Financial Barriers Hamper AI Adoption in APAC Healthcare Systems
Financial challenges impede the adoption of AI technologies in Asia-Pacific healthcare systems.
Key Points
- • Financial constraints limit AI adoption in non-tertiary hospitals.
- • Focus on low-risk, high-impact AI use cases suggested by experts.
- • Cultural trust issues significantly influence AI acceptance.
- • Need for clear insurance frameworks regarding AI-related risks.
A recent panel discussion at HIMSS25 APAC spotlighted the financial challenges that hospitals in the Asia-Pacific region face in adopting artificial intelligence (AI) technologies. According to Dr. Gao Yujia, a representative from Singapore's National University Health System, funding limitations particularly hinder non-tertiary hospitals from embracing AI. He remarked that the existing financial models restrict many hospitals' ability to invest in AI, leading survey participants to identify costs as the primary barrier to adoption.

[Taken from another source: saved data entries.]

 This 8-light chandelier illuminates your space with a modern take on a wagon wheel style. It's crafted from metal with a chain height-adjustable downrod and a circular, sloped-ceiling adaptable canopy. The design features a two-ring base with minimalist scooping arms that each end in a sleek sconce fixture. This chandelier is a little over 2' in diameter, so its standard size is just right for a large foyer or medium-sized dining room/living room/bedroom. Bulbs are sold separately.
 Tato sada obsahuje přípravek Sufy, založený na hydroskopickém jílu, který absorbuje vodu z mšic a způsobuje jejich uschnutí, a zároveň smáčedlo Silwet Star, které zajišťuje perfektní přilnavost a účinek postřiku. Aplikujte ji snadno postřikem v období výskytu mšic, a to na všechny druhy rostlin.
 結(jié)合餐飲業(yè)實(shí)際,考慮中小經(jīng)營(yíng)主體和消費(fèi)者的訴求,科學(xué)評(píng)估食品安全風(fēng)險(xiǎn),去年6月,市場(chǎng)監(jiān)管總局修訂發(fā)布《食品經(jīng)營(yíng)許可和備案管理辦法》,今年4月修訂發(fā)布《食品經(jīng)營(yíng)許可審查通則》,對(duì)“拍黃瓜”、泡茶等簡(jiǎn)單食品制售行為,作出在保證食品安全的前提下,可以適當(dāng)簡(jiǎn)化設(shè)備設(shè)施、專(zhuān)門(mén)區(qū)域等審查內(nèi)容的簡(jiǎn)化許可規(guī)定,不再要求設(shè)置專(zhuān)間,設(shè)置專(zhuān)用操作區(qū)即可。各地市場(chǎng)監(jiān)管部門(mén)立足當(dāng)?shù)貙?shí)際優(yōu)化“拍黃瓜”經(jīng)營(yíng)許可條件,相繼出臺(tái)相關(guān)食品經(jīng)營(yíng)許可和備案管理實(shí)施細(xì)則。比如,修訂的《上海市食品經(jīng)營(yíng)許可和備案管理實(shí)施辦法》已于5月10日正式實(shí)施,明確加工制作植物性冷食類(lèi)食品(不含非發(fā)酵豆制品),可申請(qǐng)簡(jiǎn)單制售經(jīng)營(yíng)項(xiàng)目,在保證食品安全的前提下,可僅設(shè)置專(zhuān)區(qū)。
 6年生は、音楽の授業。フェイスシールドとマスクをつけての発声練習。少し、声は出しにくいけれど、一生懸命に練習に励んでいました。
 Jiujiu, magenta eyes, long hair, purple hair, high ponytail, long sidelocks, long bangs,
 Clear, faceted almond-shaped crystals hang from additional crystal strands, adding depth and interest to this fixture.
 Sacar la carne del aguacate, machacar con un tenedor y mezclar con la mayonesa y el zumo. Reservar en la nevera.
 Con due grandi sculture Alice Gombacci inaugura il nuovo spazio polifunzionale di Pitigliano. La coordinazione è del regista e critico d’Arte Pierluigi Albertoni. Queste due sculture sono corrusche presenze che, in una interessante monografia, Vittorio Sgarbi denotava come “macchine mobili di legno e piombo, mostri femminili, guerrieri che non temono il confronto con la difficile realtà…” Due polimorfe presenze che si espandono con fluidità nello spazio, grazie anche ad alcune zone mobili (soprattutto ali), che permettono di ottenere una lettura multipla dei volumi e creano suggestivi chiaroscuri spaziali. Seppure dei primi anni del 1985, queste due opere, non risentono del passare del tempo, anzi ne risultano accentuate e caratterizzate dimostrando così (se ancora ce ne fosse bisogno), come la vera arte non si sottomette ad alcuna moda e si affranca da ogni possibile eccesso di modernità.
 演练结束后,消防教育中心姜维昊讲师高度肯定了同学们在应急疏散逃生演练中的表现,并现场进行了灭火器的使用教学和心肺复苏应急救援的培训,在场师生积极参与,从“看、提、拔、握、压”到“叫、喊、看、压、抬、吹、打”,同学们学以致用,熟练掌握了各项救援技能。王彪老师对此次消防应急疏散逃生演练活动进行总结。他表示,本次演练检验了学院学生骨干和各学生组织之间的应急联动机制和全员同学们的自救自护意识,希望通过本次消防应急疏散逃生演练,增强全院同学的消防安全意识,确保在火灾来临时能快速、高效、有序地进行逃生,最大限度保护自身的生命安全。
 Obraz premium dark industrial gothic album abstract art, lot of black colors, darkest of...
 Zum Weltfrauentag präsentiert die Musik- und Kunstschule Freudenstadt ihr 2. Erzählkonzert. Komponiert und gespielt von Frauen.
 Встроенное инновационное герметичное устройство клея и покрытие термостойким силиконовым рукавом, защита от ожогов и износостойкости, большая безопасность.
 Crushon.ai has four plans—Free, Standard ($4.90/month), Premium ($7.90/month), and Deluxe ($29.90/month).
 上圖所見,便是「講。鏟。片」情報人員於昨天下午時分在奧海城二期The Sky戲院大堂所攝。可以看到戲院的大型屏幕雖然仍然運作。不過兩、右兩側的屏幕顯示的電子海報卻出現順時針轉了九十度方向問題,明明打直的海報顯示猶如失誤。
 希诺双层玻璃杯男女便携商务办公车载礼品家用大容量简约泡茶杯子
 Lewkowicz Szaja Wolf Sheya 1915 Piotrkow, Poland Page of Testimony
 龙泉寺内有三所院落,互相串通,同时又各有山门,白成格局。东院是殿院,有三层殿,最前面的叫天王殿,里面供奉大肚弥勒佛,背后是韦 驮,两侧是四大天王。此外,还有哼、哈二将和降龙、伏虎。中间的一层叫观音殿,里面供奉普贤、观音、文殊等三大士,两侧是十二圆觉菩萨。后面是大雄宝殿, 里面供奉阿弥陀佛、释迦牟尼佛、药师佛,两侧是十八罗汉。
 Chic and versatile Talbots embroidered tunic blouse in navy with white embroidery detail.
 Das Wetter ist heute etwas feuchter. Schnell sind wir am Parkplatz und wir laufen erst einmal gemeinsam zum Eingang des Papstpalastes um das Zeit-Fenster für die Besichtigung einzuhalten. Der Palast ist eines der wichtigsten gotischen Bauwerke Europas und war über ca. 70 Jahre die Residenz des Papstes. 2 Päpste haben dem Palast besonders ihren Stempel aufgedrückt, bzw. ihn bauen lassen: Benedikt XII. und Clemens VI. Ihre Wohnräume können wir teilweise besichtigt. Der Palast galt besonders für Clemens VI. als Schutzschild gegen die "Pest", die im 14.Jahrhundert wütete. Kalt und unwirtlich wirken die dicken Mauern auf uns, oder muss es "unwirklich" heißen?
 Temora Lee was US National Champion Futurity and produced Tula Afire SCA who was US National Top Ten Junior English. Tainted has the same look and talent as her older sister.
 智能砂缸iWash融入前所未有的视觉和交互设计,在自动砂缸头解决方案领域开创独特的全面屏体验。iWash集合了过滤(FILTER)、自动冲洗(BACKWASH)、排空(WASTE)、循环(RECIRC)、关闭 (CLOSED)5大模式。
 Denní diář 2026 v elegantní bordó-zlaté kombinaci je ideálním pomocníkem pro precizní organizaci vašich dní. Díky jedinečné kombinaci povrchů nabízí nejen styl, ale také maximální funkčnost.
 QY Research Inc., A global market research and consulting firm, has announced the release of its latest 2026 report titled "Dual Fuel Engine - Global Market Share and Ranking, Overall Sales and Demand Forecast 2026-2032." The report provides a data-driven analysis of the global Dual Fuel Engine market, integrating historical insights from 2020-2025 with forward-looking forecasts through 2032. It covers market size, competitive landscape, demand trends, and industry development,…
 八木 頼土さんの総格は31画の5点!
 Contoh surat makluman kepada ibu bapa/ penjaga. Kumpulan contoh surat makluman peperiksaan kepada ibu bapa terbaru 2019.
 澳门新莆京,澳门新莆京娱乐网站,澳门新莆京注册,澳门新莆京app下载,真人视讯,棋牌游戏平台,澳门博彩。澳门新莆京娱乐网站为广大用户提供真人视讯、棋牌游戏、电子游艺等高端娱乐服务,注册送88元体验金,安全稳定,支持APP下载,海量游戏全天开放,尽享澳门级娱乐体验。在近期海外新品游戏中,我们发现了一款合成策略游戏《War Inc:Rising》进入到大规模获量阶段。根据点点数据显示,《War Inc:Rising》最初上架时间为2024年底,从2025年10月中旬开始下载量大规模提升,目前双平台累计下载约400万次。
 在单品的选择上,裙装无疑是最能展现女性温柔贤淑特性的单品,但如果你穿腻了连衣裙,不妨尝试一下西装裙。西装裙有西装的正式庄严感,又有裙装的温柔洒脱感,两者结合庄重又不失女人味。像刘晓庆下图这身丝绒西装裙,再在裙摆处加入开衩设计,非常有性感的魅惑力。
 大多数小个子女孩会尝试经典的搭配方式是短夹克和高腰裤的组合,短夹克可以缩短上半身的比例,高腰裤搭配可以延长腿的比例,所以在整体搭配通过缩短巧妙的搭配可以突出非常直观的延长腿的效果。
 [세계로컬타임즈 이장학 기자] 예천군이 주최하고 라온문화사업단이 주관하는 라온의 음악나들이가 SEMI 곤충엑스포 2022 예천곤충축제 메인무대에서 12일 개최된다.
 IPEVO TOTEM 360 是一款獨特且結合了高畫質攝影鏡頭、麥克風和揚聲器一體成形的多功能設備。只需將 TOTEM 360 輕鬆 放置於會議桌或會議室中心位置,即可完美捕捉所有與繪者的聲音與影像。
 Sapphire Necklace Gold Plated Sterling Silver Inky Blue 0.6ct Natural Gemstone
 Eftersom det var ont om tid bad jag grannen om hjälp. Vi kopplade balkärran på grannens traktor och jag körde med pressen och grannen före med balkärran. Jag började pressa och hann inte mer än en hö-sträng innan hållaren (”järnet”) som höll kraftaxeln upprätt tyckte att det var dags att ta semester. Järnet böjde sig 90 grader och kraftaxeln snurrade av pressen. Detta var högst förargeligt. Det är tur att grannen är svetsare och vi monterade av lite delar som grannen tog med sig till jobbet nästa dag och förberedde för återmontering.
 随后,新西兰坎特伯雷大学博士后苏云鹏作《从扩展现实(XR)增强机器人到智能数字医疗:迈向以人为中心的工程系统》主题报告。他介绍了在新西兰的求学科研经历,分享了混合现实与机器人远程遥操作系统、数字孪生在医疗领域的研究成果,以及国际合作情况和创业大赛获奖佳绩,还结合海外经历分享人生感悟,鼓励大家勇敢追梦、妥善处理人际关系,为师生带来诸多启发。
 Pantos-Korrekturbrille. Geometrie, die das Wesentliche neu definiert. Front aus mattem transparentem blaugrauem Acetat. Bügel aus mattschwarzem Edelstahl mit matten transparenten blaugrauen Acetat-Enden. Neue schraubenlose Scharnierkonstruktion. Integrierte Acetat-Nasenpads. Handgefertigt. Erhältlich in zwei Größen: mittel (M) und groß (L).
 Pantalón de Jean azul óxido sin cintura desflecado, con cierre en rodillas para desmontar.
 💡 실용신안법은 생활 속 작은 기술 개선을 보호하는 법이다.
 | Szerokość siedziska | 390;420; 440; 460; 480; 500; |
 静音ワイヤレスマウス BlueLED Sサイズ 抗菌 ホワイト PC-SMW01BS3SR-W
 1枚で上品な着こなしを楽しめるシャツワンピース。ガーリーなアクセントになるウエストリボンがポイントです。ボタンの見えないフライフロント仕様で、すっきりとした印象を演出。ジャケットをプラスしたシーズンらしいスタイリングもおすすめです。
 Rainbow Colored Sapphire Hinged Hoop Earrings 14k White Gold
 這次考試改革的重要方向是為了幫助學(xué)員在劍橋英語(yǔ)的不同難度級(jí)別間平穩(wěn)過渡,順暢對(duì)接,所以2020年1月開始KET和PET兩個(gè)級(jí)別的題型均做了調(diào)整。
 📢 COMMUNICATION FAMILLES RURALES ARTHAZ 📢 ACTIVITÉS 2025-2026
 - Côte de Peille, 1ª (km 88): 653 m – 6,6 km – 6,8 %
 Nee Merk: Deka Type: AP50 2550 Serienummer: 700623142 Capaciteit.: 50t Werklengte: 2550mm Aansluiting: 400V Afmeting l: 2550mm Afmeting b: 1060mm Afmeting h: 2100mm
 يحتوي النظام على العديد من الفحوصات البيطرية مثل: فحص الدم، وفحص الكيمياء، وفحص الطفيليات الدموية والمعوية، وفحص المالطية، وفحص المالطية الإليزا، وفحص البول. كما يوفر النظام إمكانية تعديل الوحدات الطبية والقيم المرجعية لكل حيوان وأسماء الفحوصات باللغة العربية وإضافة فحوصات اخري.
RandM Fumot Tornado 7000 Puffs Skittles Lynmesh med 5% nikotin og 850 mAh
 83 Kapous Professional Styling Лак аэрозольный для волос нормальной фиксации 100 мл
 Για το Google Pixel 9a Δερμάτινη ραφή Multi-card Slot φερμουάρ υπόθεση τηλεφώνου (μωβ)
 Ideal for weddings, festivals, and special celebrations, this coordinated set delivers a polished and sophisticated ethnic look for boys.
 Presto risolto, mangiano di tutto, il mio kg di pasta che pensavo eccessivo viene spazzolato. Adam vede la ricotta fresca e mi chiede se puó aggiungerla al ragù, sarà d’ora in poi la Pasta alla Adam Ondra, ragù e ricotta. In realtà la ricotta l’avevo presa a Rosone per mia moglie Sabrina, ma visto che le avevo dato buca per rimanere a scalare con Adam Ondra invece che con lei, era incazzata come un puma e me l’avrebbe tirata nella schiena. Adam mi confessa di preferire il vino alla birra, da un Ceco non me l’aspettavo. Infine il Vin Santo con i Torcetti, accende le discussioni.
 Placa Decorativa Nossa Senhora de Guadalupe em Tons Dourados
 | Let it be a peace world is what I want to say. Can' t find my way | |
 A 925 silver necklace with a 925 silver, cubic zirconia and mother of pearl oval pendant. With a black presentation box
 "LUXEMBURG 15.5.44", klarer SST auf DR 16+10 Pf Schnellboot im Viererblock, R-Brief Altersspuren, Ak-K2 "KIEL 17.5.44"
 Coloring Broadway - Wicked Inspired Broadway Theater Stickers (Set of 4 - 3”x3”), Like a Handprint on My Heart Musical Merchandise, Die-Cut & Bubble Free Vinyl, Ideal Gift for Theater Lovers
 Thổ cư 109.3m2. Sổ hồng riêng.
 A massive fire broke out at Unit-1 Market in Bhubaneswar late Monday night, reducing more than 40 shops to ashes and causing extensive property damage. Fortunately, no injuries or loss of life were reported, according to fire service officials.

To mitigate these financial challenges, Shirley Golen of Amazon proposed focusing on low-risk, high-impact AI implementations, such as those addressing administrative tasks and improving workflow efficiencies. In alignment, Dr. Seyoung Jung from Seoul National University Bundang Hospital discussed the potential of plug-and-play AI products for streamlined integration. Dr. Gao also emphasized the necessity of showcasing long-term returns on AI investments, advocating for a comprehensive 10-year strategy to justify the allocation of resources.
Apart from financial constraints, cultural factors are significant in AI adoption, as Dr. Chia Te-Liao highlighted. Trust and accuracy are key elements that influence acceptance in hospitals, with the establishment of AI centers in Taiwan aimed at promoting safe AI practices. Digitalization remains a hurdle, as many institutions continue to depend on paper records, complicating AI system integration.
Additionally, discussions on insurance highlighted the ambiguity surrounding liability for AI-related errors. Dr. Liao underscored the urgent need for a framework evaluating insurance coverage linked to AI technologies in healthcare. In drawing parallels with the automotive industry, Dr. Gao expressed hope that insurance models for AI-enabled healthcare would evolve to provide reimbursements for related software use in clinical settings.